L’etica della manutenzione
Rota parla con passione e senso civico. «Non è solo una questione economica, ma di etica professionale. Quando apro certi impianti e vedo cosa c’è dentro, resto senza parole. Lo faccio vedere ai titolari e chiedo: “Secondo te è etico che i tuoi dipendenti e i tuoi clienti respirino quest’aria?”. La risposta è ovvia».

Secondo il tecnico, i ristoratori dovrebbero vedere la manutenzione non come una spesa, ma come un investimento. «Un impianto pulito garantisce aria più salubre, consumi ridotti, maggior efficienza e soprattutto sicurezza. È un vantaggio per tutti».
Le criticità del settore e la carenza di professionisti
La situazione è resa ancora più difficile dal fatto che poche aziende in Italia sono in grado di gestire in modo certificato sia gli impianti aeraulici che quelli di estrazione fumi. «Saremo una decina in tutta Italia», stima Rota. «Questo significa che quando un ristoratore si trova con l’ATS alle porte e solo quindici giorni per sistemare tutto, deve correre - e far correre noi».

E mentre la legge sugli impianti d’aria è chiara, quella sugli impianti di estrazione resta “grigia”. «Il rischio incendio e le condizioni igienico-sanitarie devono essere garantite, ma nessuno definisce in modo oggettivo cosa significhi “pulito” o “a norma”. In alcune province un tecnico dell’ATS ti dice una cosa, in altre ti dicono l’opposto».
Un obbligo (e un’opportunità): l’aria pulita è business
Per Rota, la consapevolezza sta lentamente crescendo, anche grazie a incontri e iniziative promosse dalle associazioni di settore. «In questi giorni abbiamo un incontro nazionale proprio per dare maggiore visibilità a questo tema e favorire un adeguamento normativo più uniforme», spiega.

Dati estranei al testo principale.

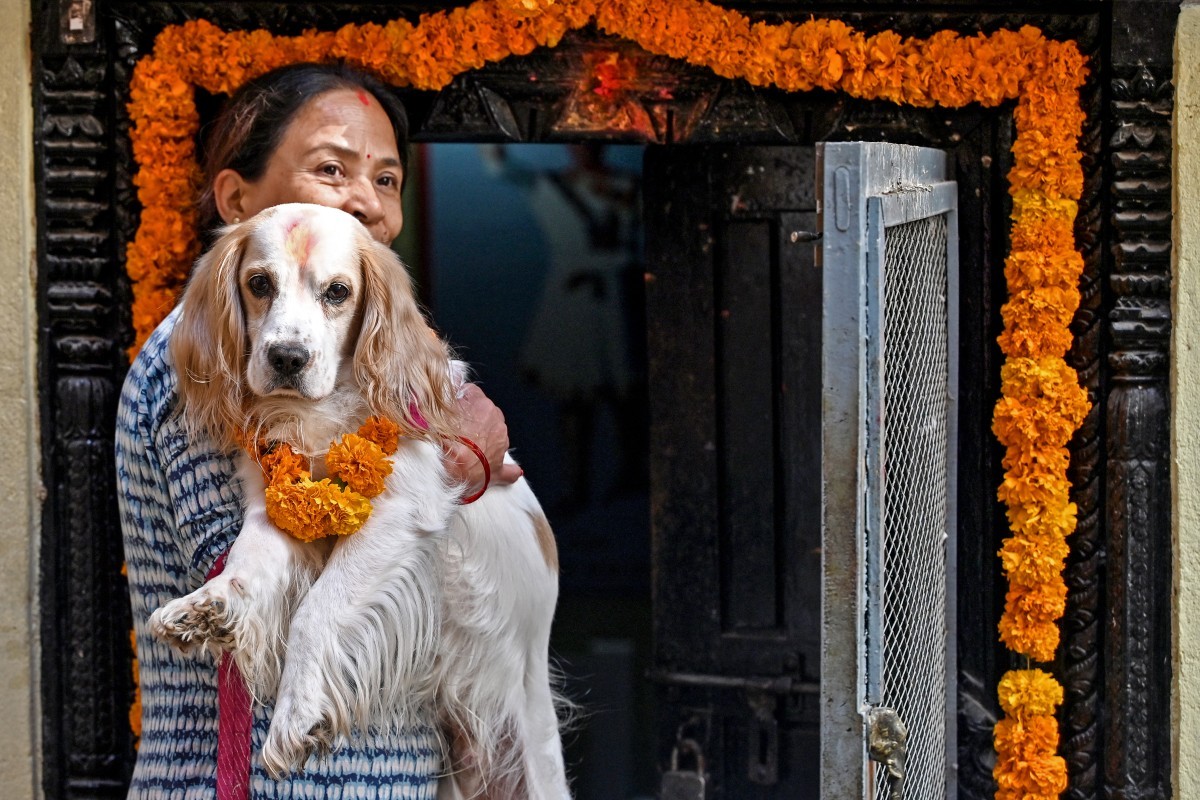 Com guirlandas de calêndula em volta do pescoço,em um dia dedicado ao amigo leal da humanidade como parte de um festival hindu — Foto: PRAKASH MATHEMA / AFP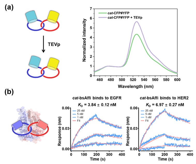 除了直接合成单结构域异质索烃,这些缠结基元还可耐受与不同功能结构域的融合。将CFP和YFP分别融合到缠结基元的两个单体,设计了机械偶联荧光蛋白FRET对,由于索烃骨架的构象限制,酶切后FRET信号明显增强,证明索烃结构可被应用于调控功能基元的距离和取向(图3a)。而将两种亲和体AffiHER2和AffiEGFR分别融合到缠结基元的两个单体上,则可很好地保留亲和体的受体结合能力,得到双特异性抗体类似物,证明异质索烃结构在多功能集成方面具有出色的应用潜力(图3b)。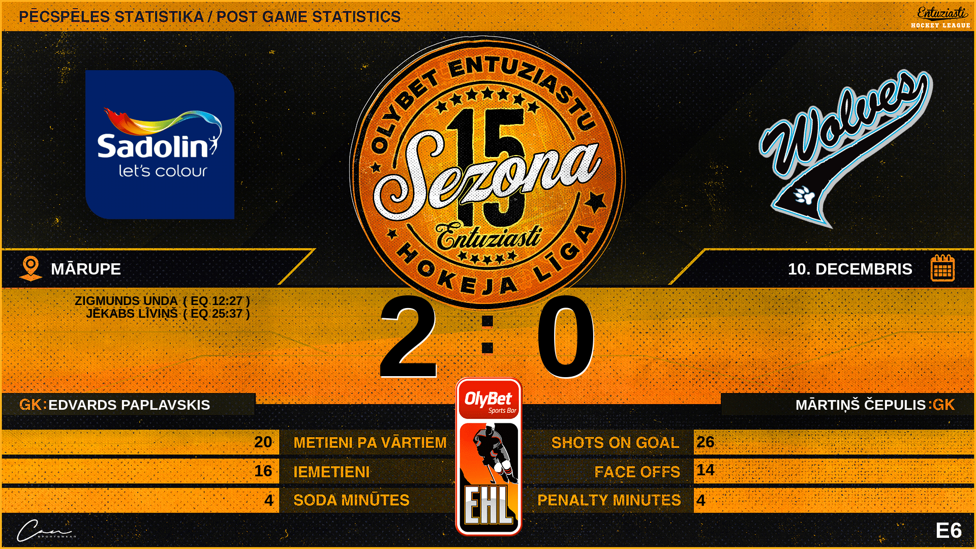 | 25:37 | SDN | Vārti (EQ) | #12 Jēkabs Līviņš, piespēles: #19 Edmunds Pūce |

Ma il messaggio finale resta un monito forte ai ristoratori: «Non aspettate l’ispezione dell’ASL per intervenire. La manutenzione periodica degli impianti non è un optional, ma un obbligo di legge e una responsabilità verso clienti e collaboratori. Chi la trascura mette a rischio non solo la salute degli altri, ma anche la propria attività».
Ventilazione e manutenzione non sono orpelli burocratici: sono strategie operative che impattano direttamente su comfort, reputazione e marginalità. Ogni cliente che respira aria pulita resta più volentieri, spende di più e torna più spesso. Ignorare questi aspetti, al contrario, significa regalare clienti al vicino - e qualche grana (anche legale) alle autorità sanitarie. In sintesi: chi investe nell’aria non fa beneficenza, fa business intelligente.